Leadership approached our team with an ask:
how might we create a tool to assess how things are going within product teams across Ford?
Discovery
Our team (myself as product designer, a product manager, and two software engineers) began by collecting data on the existing research done in this problem space. How were teams currently evaluating themselves, if at all? Were they keeping track of whether things were improving, worsening, or staying the same, and how?

I drafted research plans around our assumptions and questions, and conducted discovery interviews with 10 teams across departments, including AV,  D-Ford, GDIA, and others.

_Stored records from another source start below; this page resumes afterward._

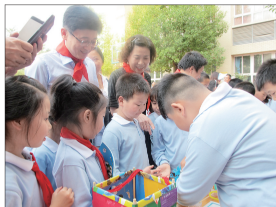
科技小作品展前人气爆棚

快来看,比赛已经开始了!小选手们站成一排,手指来回拨动着套在一起的金属圆环,看谁先把它们全部解开;四级联动装置上,沙漏、多米诺骨牌等机关设计巧妙,让人大开眼界;机械蠕虫赛场上,竞争激烈,一条条小蠕虫爬行向前,每一步都牵动着选手和观众的心;最安静的要数牙签建塔现场了,学生和家长屏气凝神、配合默契,一座座由牙签和胡萝卜块搭成的小塔层层升高……赛场上气氛热烈,科技小作品和自然观察笔记展前更是人头攒动,惊呼不断。
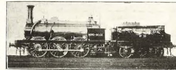
Locomotive à marchandises, Liège-Givet, 3 essieux couplés. Cockerill 1851, modifiée à St-Martin en 1861.
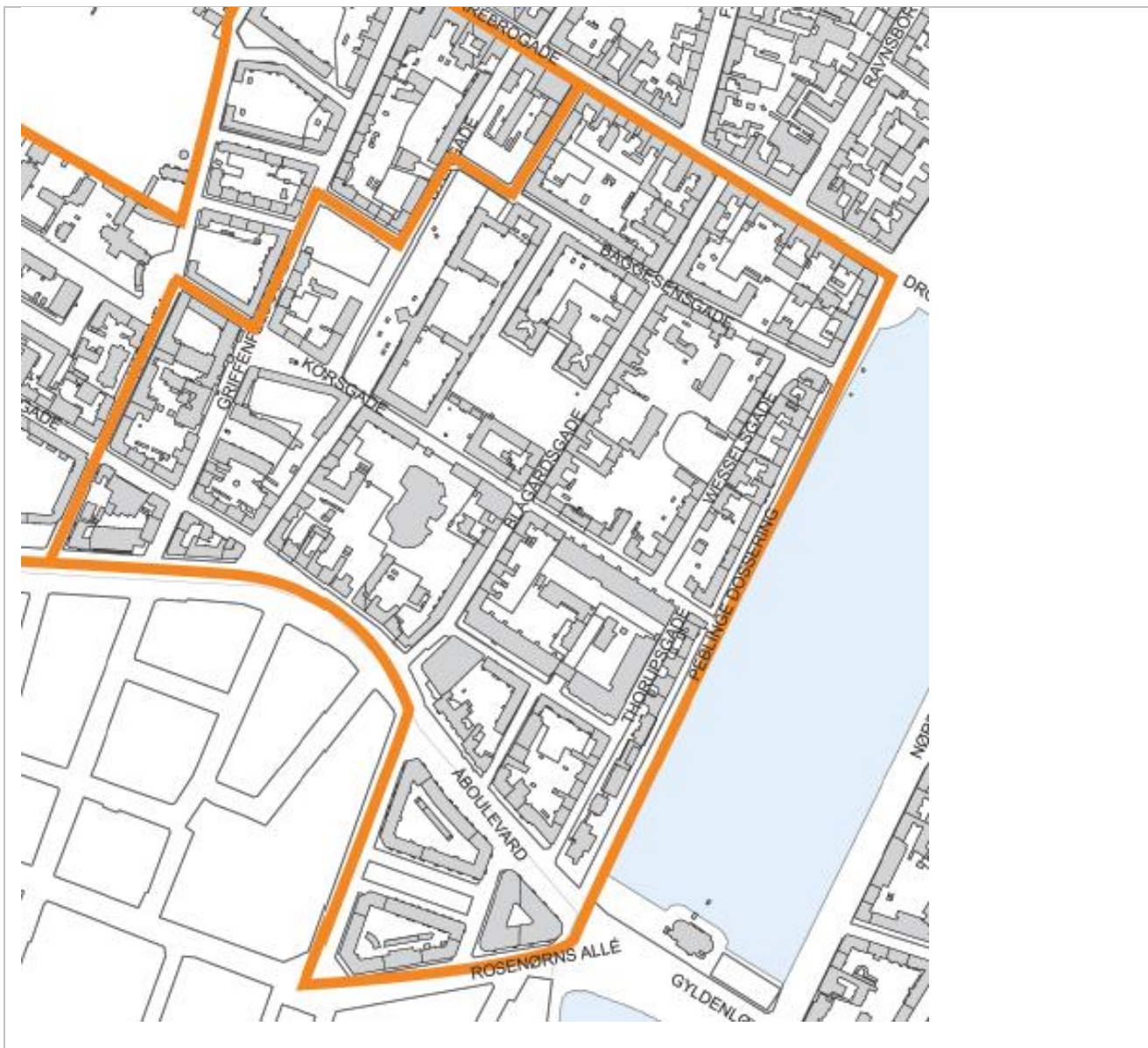
Kort over Blågårdskvarteret

Hvad er begrundelserne for den valgte geografiske afgrænsning af byområdet (f.eks. særlige landskabelige karakteristika, byområdets rolle i byen m.v.)
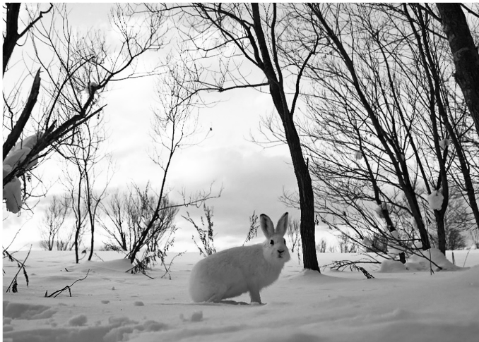
図3 エゾユキウサギ (A3)
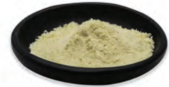
HARINA DE ALMENDRA
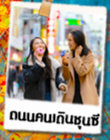
ถนนคนเดินชุนซี

From this, we learned a few things:

(1) Some teams were using existing tools in creative, yet inefficient ways to evaluate how they were doing
(2) Some teams weren't measuring at all
(3) Teams that were measuring weren't confident they were getting good data
(4) Trust is hard to build and keep among team members
(5) Individuals fear misuse or misrepresentation of data and feedback
(6) Overall, there was a desire for something to allow open communication and alignment on ways to improve both sentiment and productivity
Goals
We decided on a few goals for our product:

(1) Create a tool to measure team health
(2) Enable psychological safety
(3) Allow for capture of action items
(4) Make it fun and easy to use
Additional Research
We did some competitive analysis with six existing tools in this problem space to identify what worked well, what was missing, and how we could create something better for less cost.
After Many Iterations...
I conducted extensive usability testing, contextual inquiry, and input from 28 teams across 14 organizations and 3 countries. These lead to numerous iterations based on user feedback. I designed this product mobile-first, as the primary use case would be on mobile phones in an office setting to preserve privacy, with a primary desktop screen shared for discussion in the room.
Today
Today, Vibez is a popular tool still used regularly by 500+ teams in 12 countries across Ford.